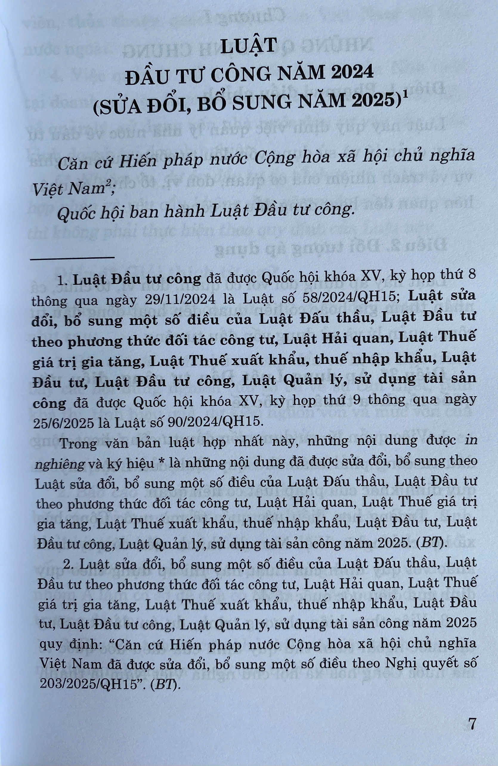 Tháng 6/2025, tại kỳ họp thứ 9, Quốc hội khóa XV đã thông qua Luật sửa đổi, bổ sung một số điều của Luật Đấu thầu, Luật Đầu tư theo phương thức đối tác công tư, Luật Hải quan, Luật Thuế giá trị gia tăng, Luật Thuế xuất khẩu, thuế nhập khẩu, Luật Đầu tư, Luật Đầu tư công, Luật Quản lý, sử dụng tài sản công có nội dung sửa đổi Luật Đầu tư công năm 2024.
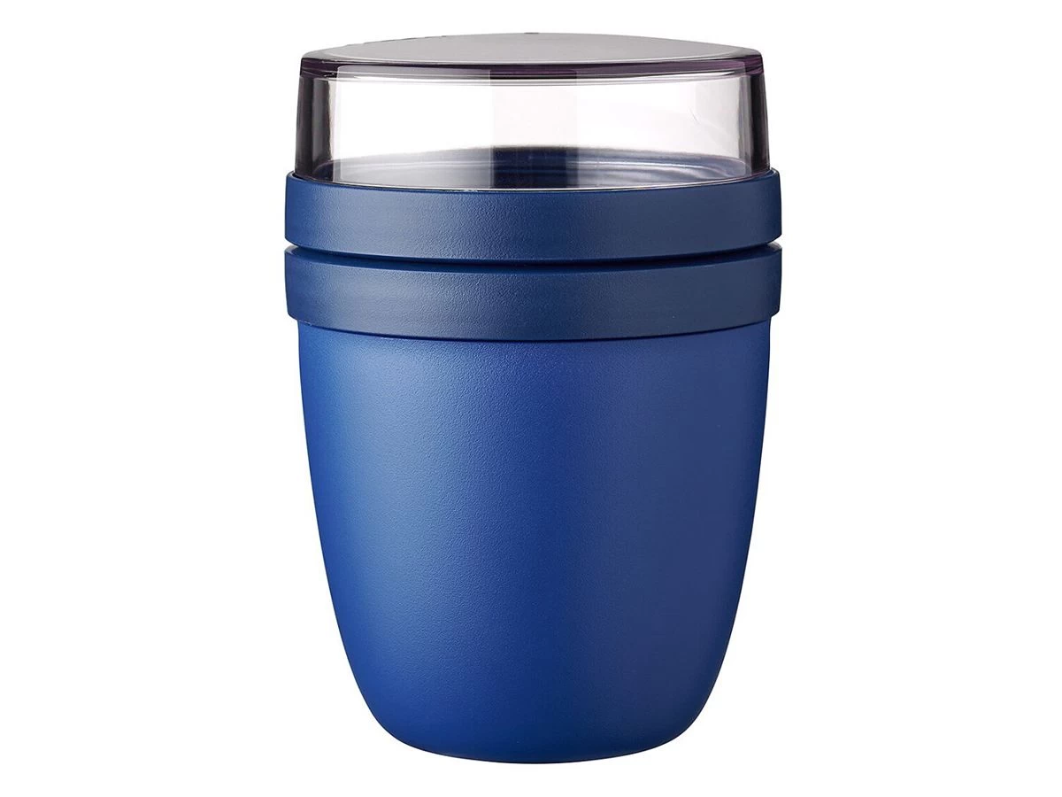 De beide containers hebben een aparte deksel en blijven daarom ook schoon. Bovendien passen de deksels op beide containers, dus je hoeft ’s ochtends niet op zoek naar de juiste deksel. De inhoud van de bovenste transparante container is 200 ml, dit betekent dat er ongeveer 75 gram muesli of fruit in past. De capaciteit van de onderste container is 500 ml, genoeg voor een royale portie soep, noedels of yoghurt. De lunchpot is gemaakt van duurzaam materiaal en mag gebruikt worden in de vriezer, de magnetron (verwijder wel de deksel) en vaatwasser. De bovenste transparante container mag niet gebruikt worden in de magnetron.
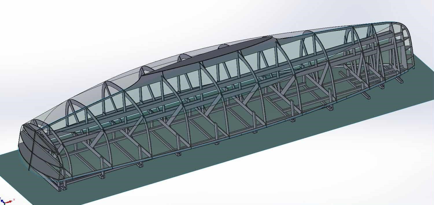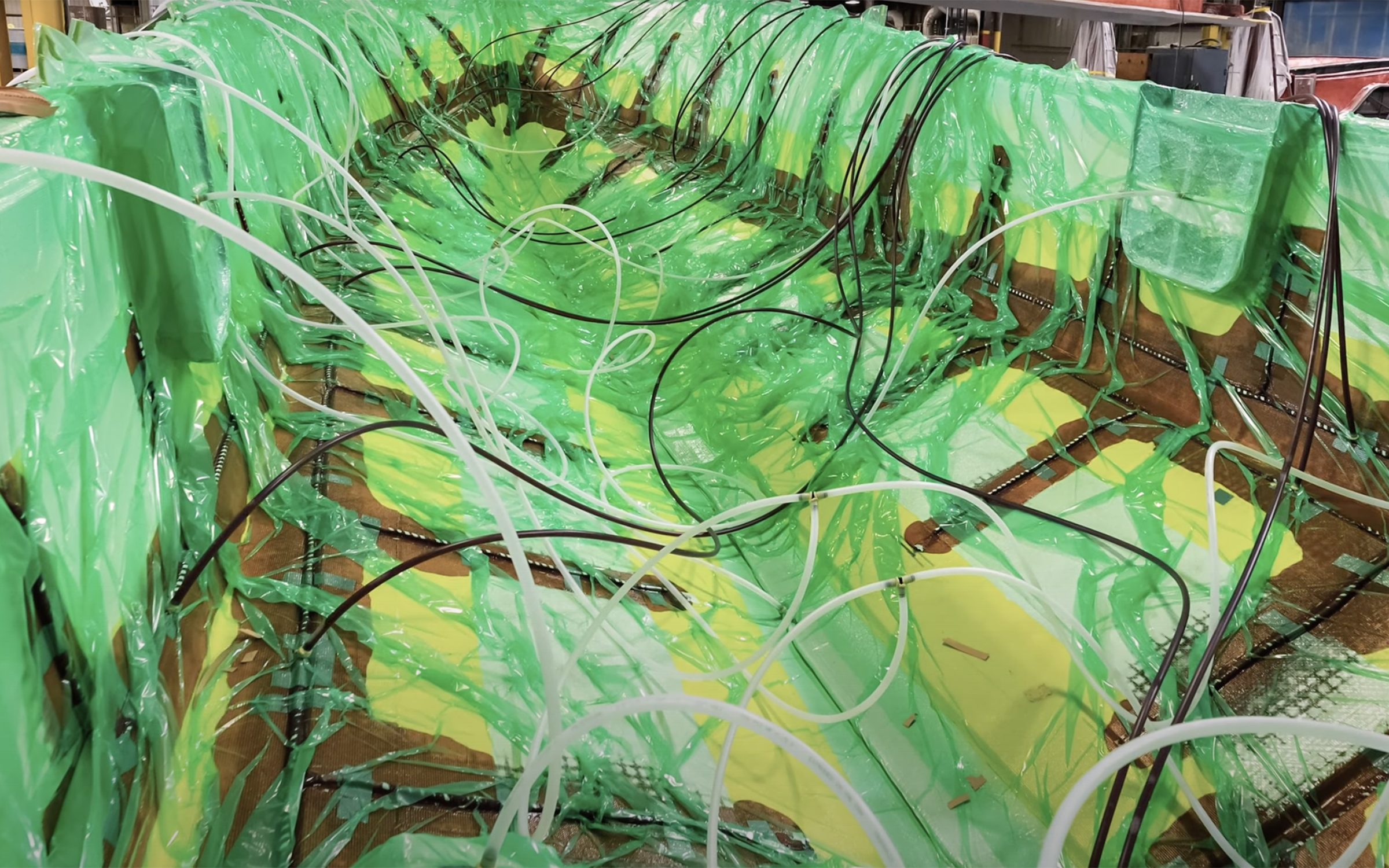 Manufacture and testing of a fiberglass composite hull structure for yacht applications, focusing on durability and weight reduction.
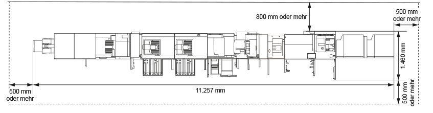 Stapelablage J | 899 mm x 745 mm (1.250 mm*) x 1.141 mm (bis zur Oberseite des oberen Fachs) *Wenn das Auswurffach aus dem Stapler herausgezogen wird. | Ca. 120 kg |
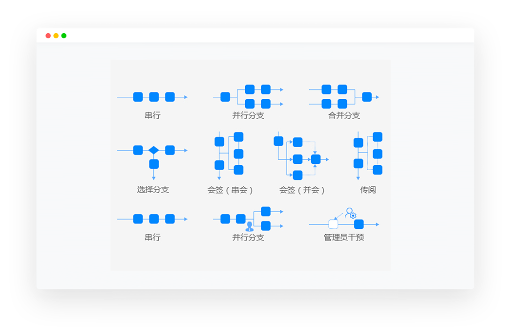 · 方便靈活,可視化、拖拽式設計 · 滿足串行、并行、合并、選擇、會(huì)簽、傳閱、跳轉、回退、幹預等各種(zhǒng)節點類型控制 · 快速适應業務需求變化、敏捷應對(duì)用戶需求調整
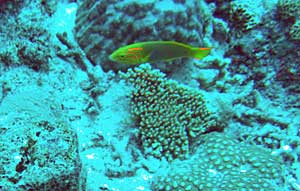 | クレナイニセスズメ 岩陰に小さな魚が潜んでいた。クレナイニセスズメだ。糸山さんがライトで照らすと ネオンのように輝いた。不思議な魚だ。それにしてもなんでニセというのだろうか。 |
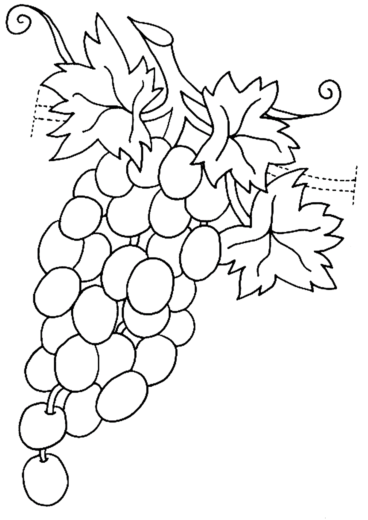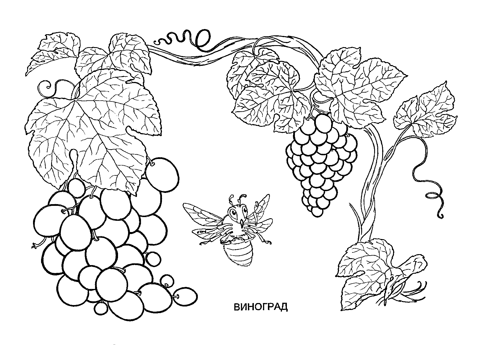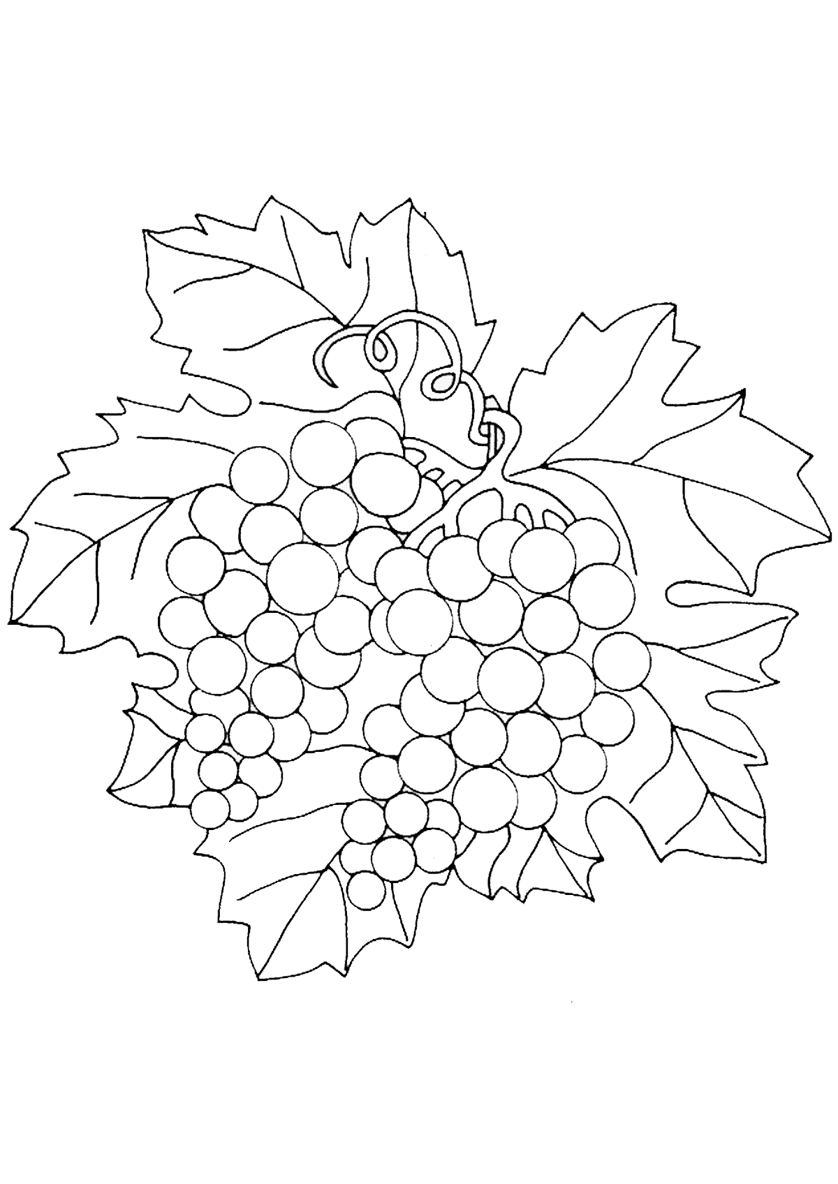 Виноград, род около 60-80 видов виноградных растений семейства Vitaceae, произрастающих в Северной умеренной зоне, включая сорта, которые можно употреблять в пищу в качестве столовых фруктов, сушить для получения изюма или измельчать для получения виноградного сока или вина. Виноград обычно представляет собой древесную лозу, поднимающуюся с помощью усиков (модифицированных ветвей) и часто достигающую длины 17 метров или более. В засушливых районах он может образовывать почти прямостоячий кустарник. Съедобные листья чередуются, пальчато-лопастные и всегда зубчатые. Маленькие зеленоватые цветки в гроздьях предшествуют плоду, цвет которого варьируется от почти черного до зеленого, красного и янтарного. Ботанически плод - это ягода, более или менее шаровидная, внутри сочной мякоти которой лежат семена. У многих сортов плодов развивается беловатый порошкообразный налет, или цветение. На нашем сайте Вы совершенно бесплатно можете скачать и распечатать раскраску виноград в хорошем качестве.
═══
_EXERCISE AIM_:
Please retype the data exactly as it appears, but without any of its pictures.

_ANSWER AREA_:
 Tháng 6/2025, tại kỳ họp thứ 9, Quốc hội khóa XV đã thông qua Luật sửa đổi, bổ sung một số điều của Luật Đấu thầu, Luật Đầu tư theo phương thức đối tác công tư, Luật Hải quan, Luật Thuế giá trị gia tăng, Luật Thuế xuất khẩu, thuế nhập khẩu, Luật Đầu tư, Luật Đầu tư công, Luật Quản lý, sử dụng tài sản công có nội dung sửa đổi Luật Đầu tư công năm 2024.
 De beide containers hebben een aparte deksel en blijven daarom ook schoon. Bovendien passen de deksels op beide containers, dus je hoeft ’s ochtends niet op zoek naar de juiste deksel. De inhoud van de bovenste transparante container is 200 ml, dit betekent dat er ongeveer 75 gram muesli of fruit in past. De capaciteit van de onderste container is 500 ml, genoeg voor een royale portie soep, noedels of yoghurt. De lunchpot is gemaakt van duurzaam materiaal en mag gebruikt worden in de vriezer, de magnetron (verwijder wel de deksel) en vaatwasser. De bovenste transparante container mag niet gebruikt worden in de magnetron.
 Manufacture and testing of a fiberglass composite hull structure for yacht applications, focusing on durability and weight reduction.
 Stapelablage J | 899 mm x 745 mm (1.250 mm*) x 1.141 mm (bis zur Oberseite des oberen Fachs) *Wenn das Auswurffach aus dem Stapler herausgezogen wird. | Ca. 120 kg |
 · 方便靈活,可視化、拖拽式設計 · 滿足串行、并行、合并、選擇、會(huì)簽、傳閱、跳轉、回退、幹預等各種(zhǒng)節點類型控制 · 快速适應業務需求變化、敏捷應對(duì)用戶需求調整
 | クレナイニセスズメ 岩陰に小さな魚が潜んでいた。クレナイニセスズメだ。糸山さんがライトで照らすと ネオンのように輝いた。不思議な魚だ。それにしてもなんでニセというのだろうか。 |
 Виноград, род около 60-80 видов виноградных растений семейства Vitaceae, произрастающих в Северной умеренной зоне, включая сорта, которые можно употреблять в пищу в качестве столовых фруктов, сушить для получения изюма или измельчать для получения виноградного сока или вина. Виноград обычно представляет собой древесную лозу, поднимающуюся с помощью усиков (модифицированных ветвей) и часто достигающую длины 17 метров или более. В засушливых районах он может образовывать почти прямостоячий кустарник. Съедобные листья чередуются, пальчато-лопастные и всегда зубчатые. Маленькие зеленоватые цветки в гроздьях предшествуют плоду, цвет которого варьируется от почти черного до зеленого, красного и янтарного. Ботанически плод - это ягода, более или менее шаровидная, внутри сочной мякоти которой лежат семена. У многих сортов плодов развивается беловатый порошкообразный налет, или цветение. На нашем сайте Вы совершенно бесплатно можете скачать и распечатать раскраску виноград в хорошем качестве.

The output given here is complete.